[Opening Information section]

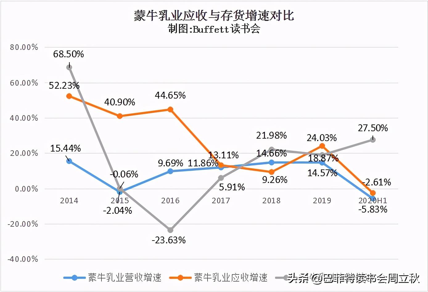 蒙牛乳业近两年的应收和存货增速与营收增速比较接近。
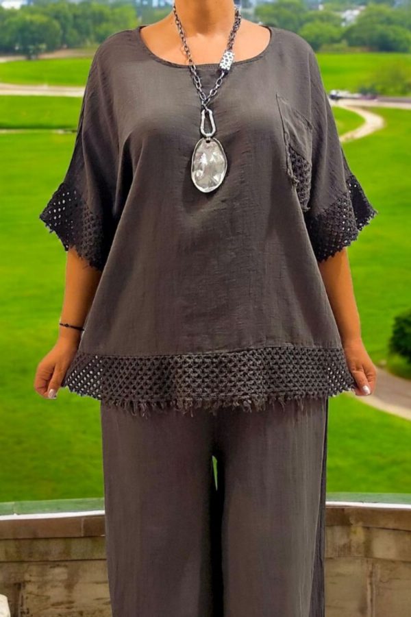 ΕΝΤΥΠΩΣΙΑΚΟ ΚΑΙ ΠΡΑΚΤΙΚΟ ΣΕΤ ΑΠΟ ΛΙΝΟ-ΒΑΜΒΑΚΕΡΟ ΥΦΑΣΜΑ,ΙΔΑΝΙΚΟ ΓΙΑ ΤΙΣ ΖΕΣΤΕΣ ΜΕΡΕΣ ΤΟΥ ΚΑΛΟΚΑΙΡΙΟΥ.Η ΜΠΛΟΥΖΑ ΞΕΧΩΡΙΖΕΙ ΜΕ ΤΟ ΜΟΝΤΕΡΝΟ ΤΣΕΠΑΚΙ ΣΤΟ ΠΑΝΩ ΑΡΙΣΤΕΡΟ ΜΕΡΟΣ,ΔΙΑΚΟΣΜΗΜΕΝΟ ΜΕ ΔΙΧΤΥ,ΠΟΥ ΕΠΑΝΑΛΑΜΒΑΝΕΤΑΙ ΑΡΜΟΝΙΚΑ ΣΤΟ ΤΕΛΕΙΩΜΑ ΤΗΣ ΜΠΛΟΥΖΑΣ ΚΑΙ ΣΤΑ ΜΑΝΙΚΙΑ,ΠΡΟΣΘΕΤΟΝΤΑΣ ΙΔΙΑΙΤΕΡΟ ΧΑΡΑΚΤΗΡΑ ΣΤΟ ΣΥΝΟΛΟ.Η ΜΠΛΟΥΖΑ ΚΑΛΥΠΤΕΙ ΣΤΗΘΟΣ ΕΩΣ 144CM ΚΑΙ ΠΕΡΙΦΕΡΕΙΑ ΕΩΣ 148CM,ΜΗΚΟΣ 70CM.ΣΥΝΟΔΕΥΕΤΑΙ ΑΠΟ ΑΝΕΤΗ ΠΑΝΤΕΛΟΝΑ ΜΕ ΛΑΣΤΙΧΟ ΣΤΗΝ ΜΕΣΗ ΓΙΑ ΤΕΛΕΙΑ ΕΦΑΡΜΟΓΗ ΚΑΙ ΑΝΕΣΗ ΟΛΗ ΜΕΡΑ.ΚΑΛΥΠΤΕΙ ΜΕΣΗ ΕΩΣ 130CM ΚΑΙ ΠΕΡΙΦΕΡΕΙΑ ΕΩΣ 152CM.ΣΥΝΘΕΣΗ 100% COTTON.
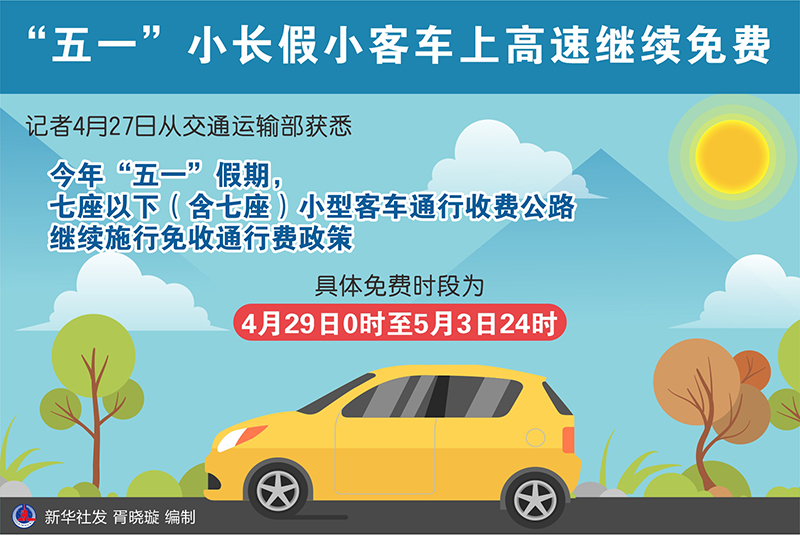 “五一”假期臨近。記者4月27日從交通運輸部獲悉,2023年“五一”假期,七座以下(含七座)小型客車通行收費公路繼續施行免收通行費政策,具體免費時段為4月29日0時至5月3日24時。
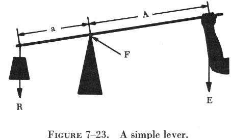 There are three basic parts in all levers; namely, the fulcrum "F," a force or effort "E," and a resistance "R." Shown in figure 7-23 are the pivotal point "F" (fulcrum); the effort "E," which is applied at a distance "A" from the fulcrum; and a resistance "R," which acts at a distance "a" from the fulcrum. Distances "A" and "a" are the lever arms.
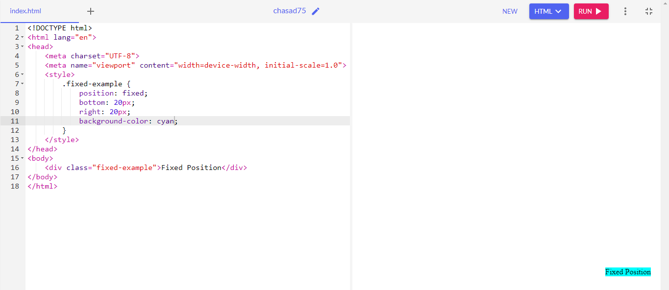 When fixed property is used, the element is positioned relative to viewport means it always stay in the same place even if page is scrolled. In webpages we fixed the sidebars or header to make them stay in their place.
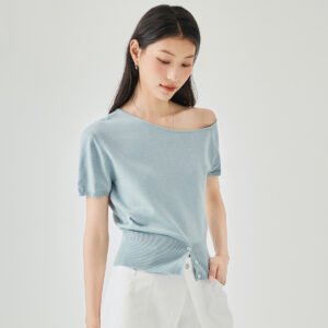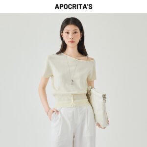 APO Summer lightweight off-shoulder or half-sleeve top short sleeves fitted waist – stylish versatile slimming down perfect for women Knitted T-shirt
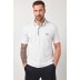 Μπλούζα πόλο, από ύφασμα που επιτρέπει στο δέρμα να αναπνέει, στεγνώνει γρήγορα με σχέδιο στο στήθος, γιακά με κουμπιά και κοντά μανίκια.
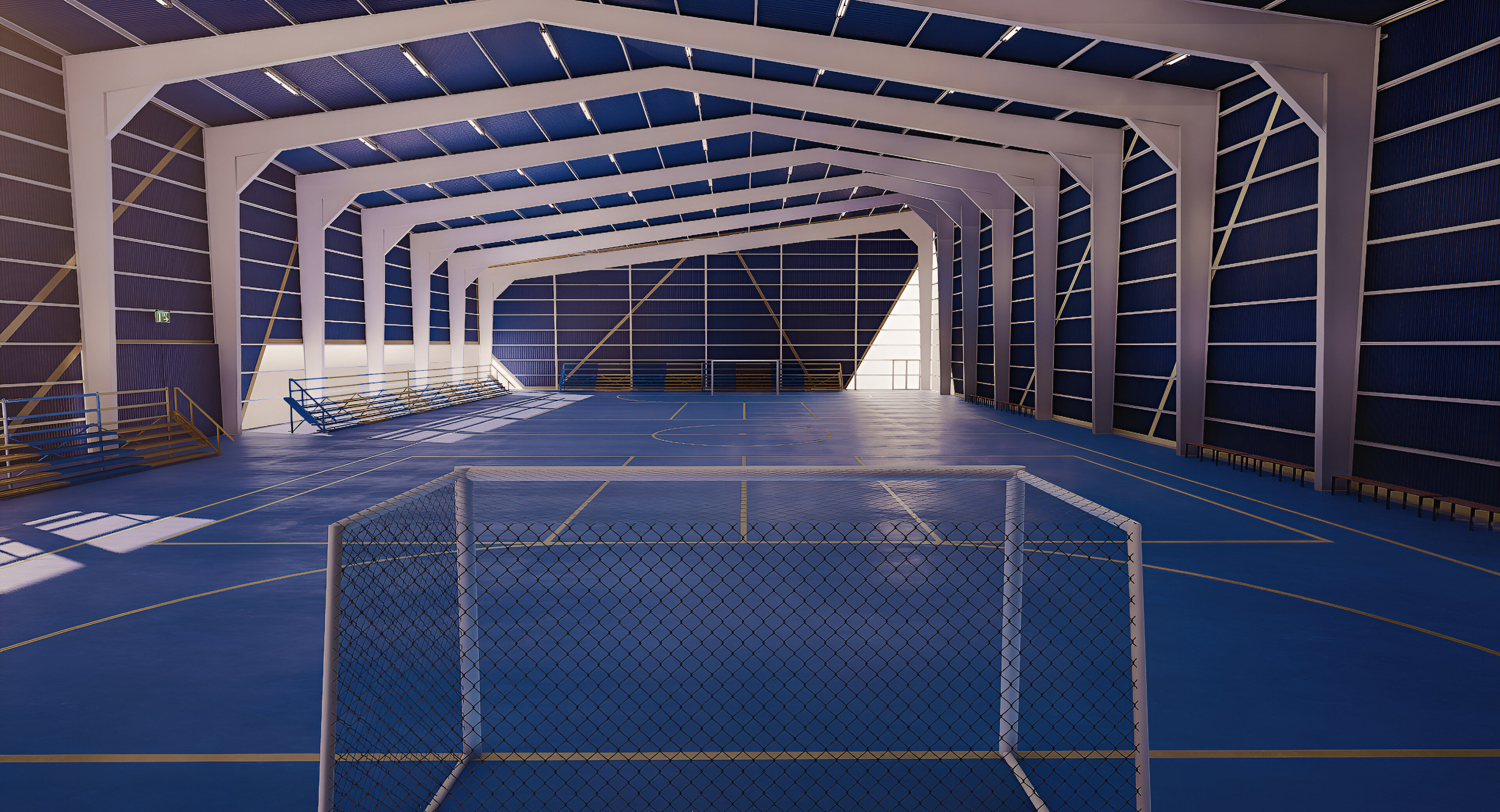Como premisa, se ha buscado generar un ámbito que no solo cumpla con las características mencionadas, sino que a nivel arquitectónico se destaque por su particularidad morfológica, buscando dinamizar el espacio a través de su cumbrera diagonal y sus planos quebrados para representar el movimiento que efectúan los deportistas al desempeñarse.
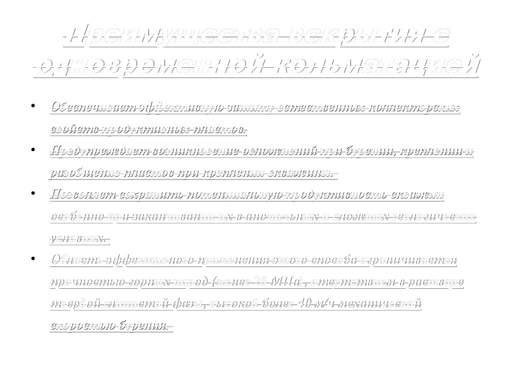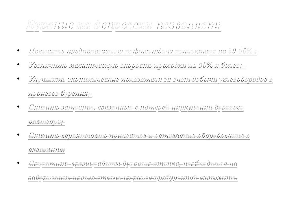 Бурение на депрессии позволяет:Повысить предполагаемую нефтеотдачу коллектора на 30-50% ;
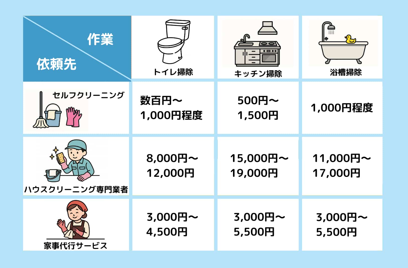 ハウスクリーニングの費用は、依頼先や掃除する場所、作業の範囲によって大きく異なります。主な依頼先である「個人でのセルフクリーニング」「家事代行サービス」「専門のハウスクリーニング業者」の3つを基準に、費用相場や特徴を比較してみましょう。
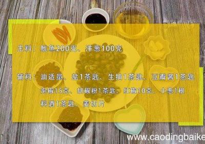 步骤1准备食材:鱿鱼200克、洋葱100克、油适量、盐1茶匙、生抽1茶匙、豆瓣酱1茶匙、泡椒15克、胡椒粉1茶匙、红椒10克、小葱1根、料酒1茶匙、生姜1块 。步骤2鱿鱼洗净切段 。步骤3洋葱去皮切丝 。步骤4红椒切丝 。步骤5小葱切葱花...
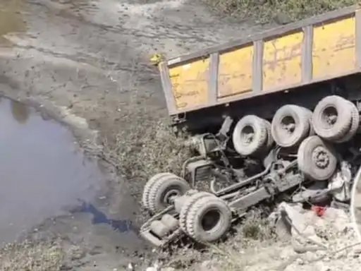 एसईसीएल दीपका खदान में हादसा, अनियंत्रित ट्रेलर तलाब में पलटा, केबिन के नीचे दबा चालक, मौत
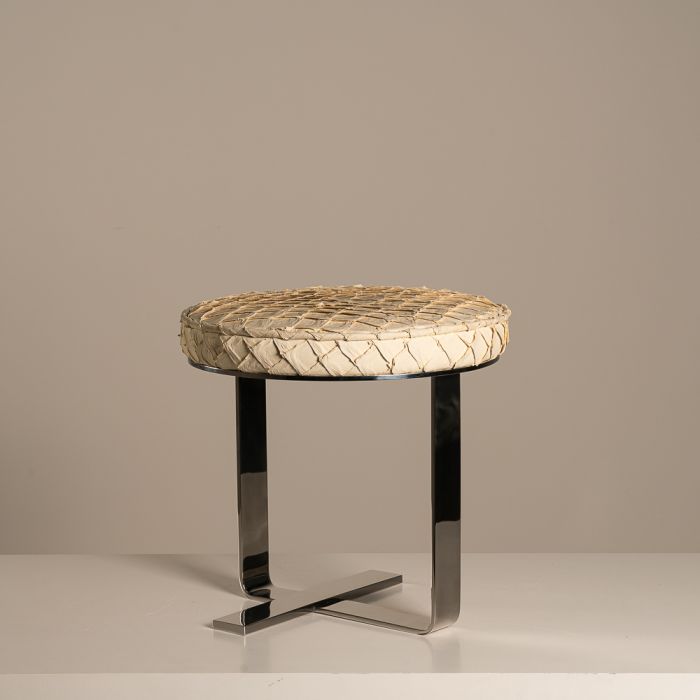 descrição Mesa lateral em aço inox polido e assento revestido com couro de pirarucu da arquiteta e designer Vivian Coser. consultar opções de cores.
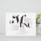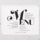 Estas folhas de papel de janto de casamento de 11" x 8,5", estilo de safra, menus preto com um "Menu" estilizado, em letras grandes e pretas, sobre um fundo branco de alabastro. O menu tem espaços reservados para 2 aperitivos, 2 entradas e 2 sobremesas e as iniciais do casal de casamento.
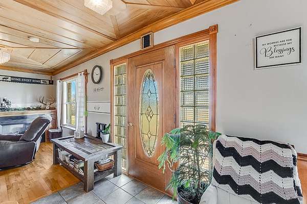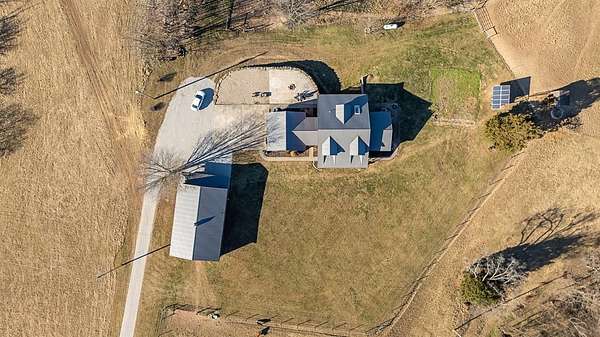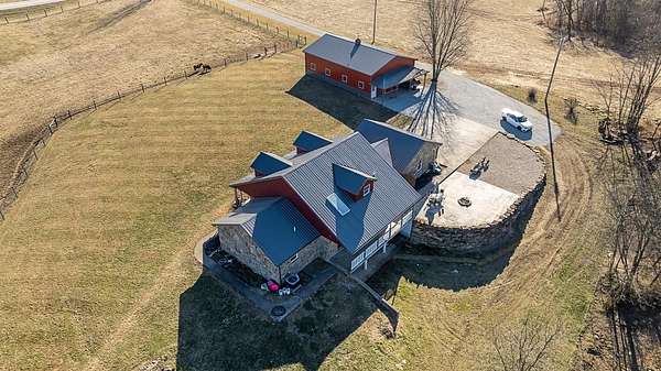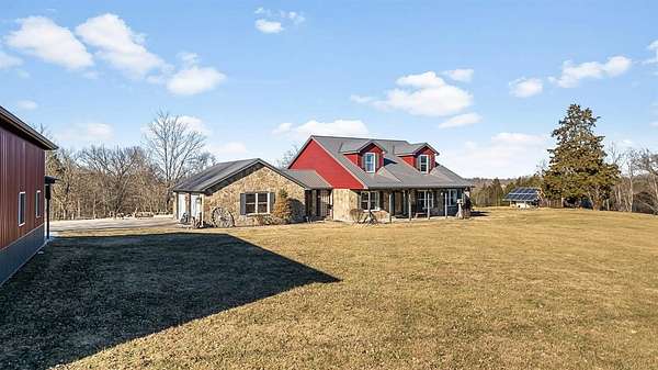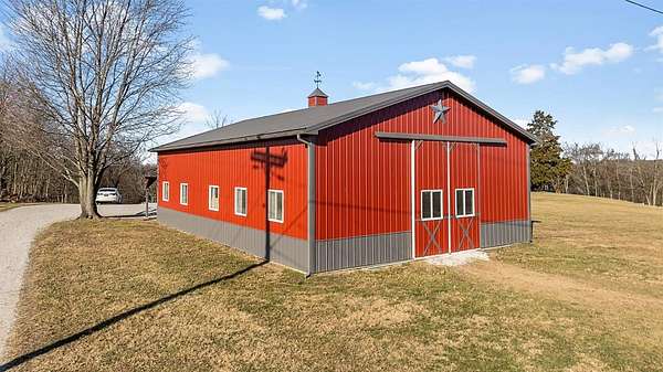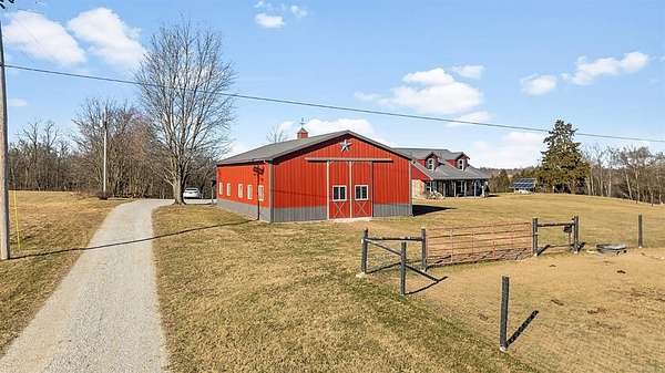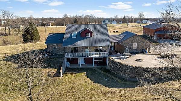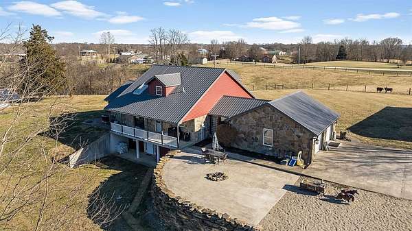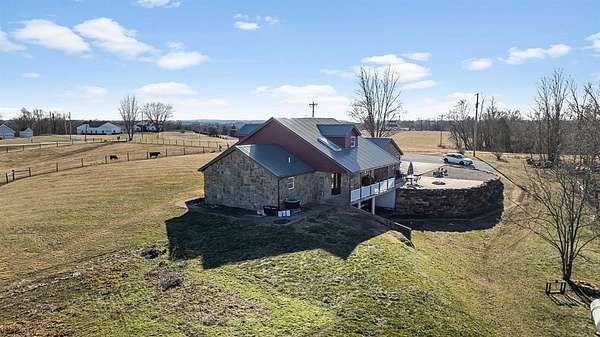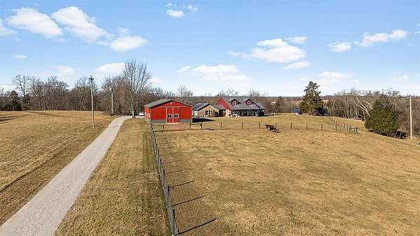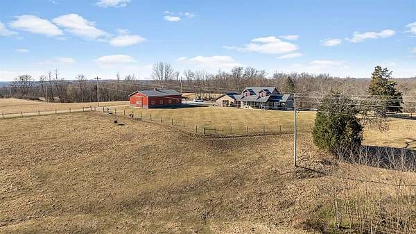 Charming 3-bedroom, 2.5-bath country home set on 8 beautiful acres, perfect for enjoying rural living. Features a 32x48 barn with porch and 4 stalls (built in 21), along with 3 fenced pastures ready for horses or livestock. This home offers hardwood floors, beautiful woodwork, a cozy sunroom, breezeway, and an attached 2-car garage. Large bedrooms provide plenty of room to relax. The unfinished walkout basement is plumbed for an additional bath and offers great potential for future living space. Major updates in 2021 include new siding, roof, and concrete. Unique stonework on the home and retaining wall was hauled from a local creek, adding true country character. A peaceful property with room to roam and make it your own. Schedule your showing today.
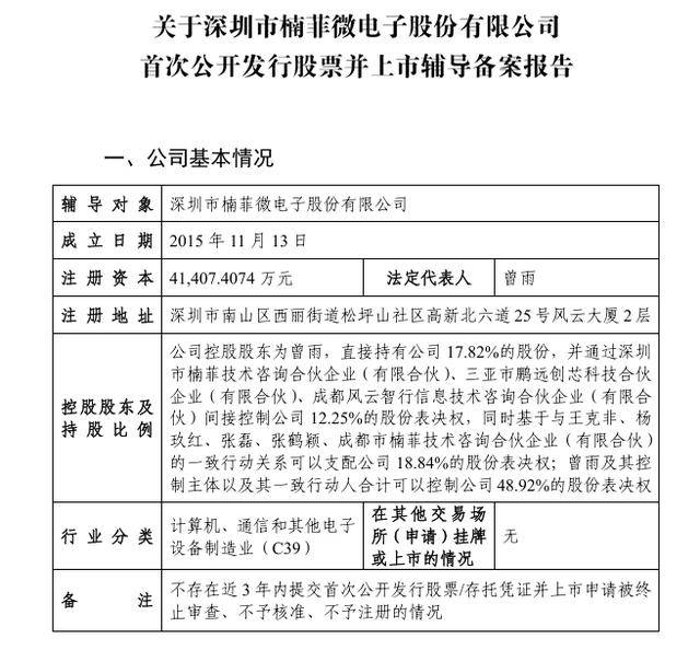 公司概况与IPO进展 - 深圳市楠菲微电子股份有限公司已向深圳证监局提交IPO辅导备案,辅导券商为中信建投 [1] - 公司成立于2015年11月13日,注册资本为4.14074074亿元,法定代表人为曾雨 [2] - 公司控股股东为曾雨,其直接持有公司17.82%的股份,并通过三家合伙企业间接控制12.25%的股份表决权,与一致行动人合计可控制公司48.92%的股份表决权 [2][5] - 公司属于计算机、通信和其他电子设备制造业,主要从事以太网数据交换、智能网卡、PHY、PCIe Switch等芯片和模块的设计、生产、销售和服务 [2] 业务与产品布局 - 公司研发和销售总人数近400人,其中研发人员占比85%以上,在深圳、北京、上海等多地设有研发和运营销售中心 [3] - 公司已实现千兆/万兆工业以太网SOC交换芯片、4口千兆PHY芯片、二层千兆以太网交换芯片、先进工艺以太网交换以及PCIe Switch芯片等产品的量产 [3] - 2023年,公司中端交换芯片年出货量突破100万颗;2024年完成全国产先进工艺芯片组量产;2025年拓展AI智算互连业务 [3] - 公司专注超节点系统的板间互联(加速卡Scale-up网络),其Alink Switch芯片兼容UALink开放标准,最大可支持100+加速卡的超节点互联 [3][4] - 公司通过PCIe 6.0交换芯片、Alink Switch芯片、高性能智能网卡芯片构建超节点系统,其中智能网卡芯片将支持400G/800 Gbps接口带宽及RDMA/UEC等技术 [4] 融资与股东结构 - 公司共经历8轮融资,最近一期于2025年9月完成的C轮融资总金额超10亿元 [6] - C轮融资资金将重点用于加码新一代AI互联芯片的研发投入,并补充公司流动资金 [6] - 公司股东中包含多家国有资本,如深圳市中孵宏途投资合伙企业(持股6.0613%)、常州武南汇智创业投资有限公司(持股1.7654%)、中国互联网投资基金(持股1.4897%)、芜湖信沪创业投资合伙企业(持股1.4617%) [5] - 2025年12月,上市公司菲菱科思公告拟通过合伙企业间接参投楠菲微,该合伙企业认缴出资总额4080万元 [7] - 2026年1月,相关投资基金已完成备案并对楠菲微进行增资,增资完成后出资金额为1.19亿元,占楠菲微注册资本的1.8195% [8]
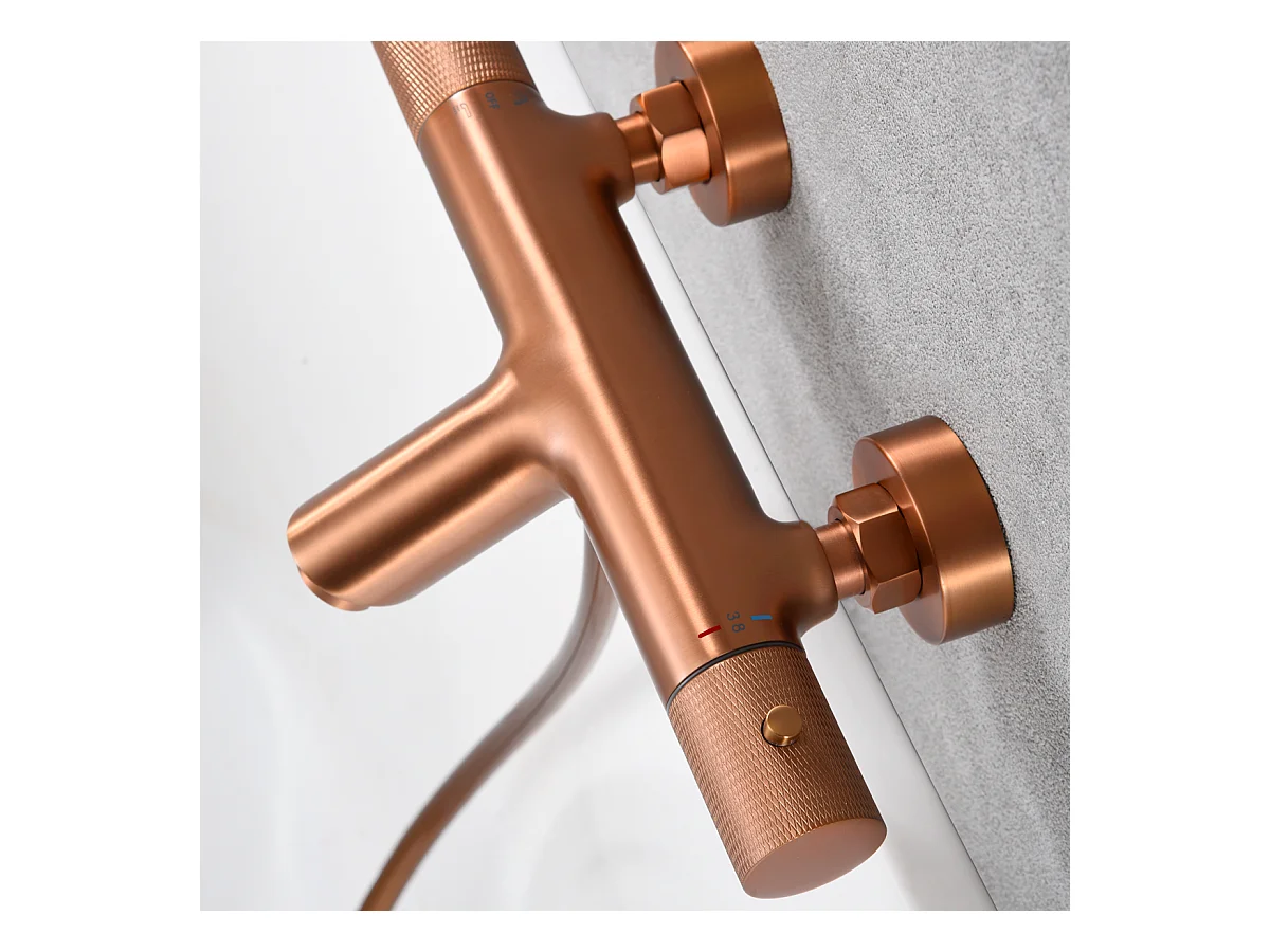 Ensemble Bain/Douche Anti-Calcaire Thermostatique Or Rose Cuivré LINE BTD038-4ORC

[Closing Information section]

Out of the records above, return only the lines from the one with "descrição Mesa lateral" through the one with "Estas folhas de", exactly, and none of the pictures.

 descrição Mesa lateral em aço inox polido e assento revestido com couro de pirarucu da arquiteta e designer Vivian Coser. consultar opções de cores.
 Estas folhas de papel de janto de casamento de 11" x 8,5", estilo de safra, menus preto com um "Menu" estilizado, em letras grandes e pretas, sobre um fundo branco de alabastro. O menu tem espaços reservados para 2 aperitivos, 2 entradas e 2 sobremesas e as iniciais do casal de casamento.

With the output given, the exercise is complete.